Hear “the sound and the fury” of Faulkner’s voice here.
Between February and June 1957, and February and May 1958, at 36 different public events, he gave two addresses, read a dozen times from eight of his works and answered more than 1,400 questions from audiences made up of various groups, ranging from U.Va. students and faculty to interested local citizens.
Railton, who specializes in American literature, headed the project to get Faulkner’s speeches digitized and made available to the public two years ago. He is currently working on another project, Digital Yoknapatawpha.
The Faulkner Collection also houses the major manuscripts and personal papers in the author’s possession at the time of his death in 1962. His daughter, Jill Faulkner Summers, deposited two portions of his personal library in Special Collections in July 1998 and October 2000.

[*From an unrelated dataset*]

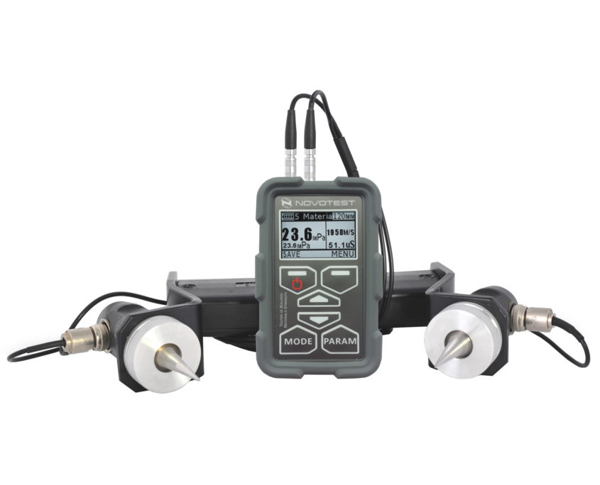 The pulse velocity tester IPSM-U+T+D allows to measure the strength and homogeneity of the concrete, bricks and other materials under the composition and surface sounding in products and designs for construction projects, inspection of buildings and structures, according to ASTM C597-16 (Standard Test Method for Pulse Velocity Through Concrete). Has the determining of the depth of cracks by the surface sounding probe function and also flaw detection mode (A-scan).
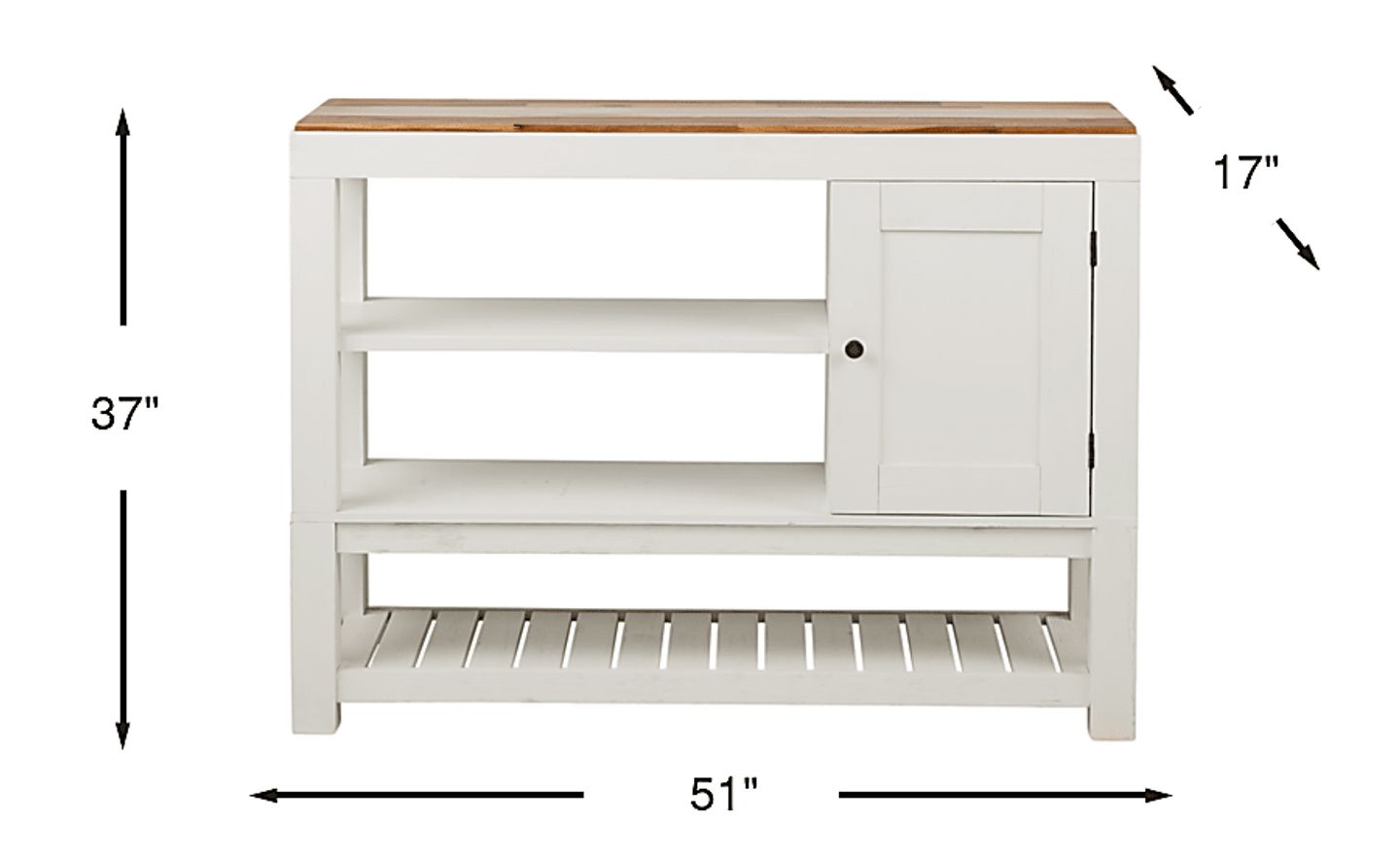 Complete your dining room with the versatile Farmington Hills sideboard. Three spacious shelves are ideal for displaying your favorite dishes, and behind the storage door, you'll find a shelf with two included rattan baskets for added storage. Crafted from acacia and acacia veneers with a brushed white finish, the top features solid acacia in alternating neutral tones.

By the 1950s, the author had won the Nobel Prize for Literature and was well known. From the audio recordings, a listener can sense “his desire at this point in his career to reach the people in his audiences,” Railton writes in the “Contexts” section of the digital archives.
“Throughout his time at U.Va., he was extremely generous in meeting the demands of his occasions as writer-in-residence. He invites audiences to ask him any kind of question,” said Railton, who will head to Oxford, Miss. – Faulkner’s hometown – for a conference on the author next week.
One of the best moments, according to Railton, comes in a May 12, 1958 session. ”In answer to a question about violence in modern literature, he ends up giving a very moving, very funny, very spontaneous version of that 1950 Nobel Prize acceptance speech in which he predicted that man would not only endure, but prevail.”
Here’s a bit of what he said: “My belief is that the last sound on earth, when this earth is a red rock freezing, will be two folks building an airship and fussing about where they’re going next. (The audience laughs.) Man is all right. You can’t beat him. No, there’ll be three. The other one will be writing a book about it.”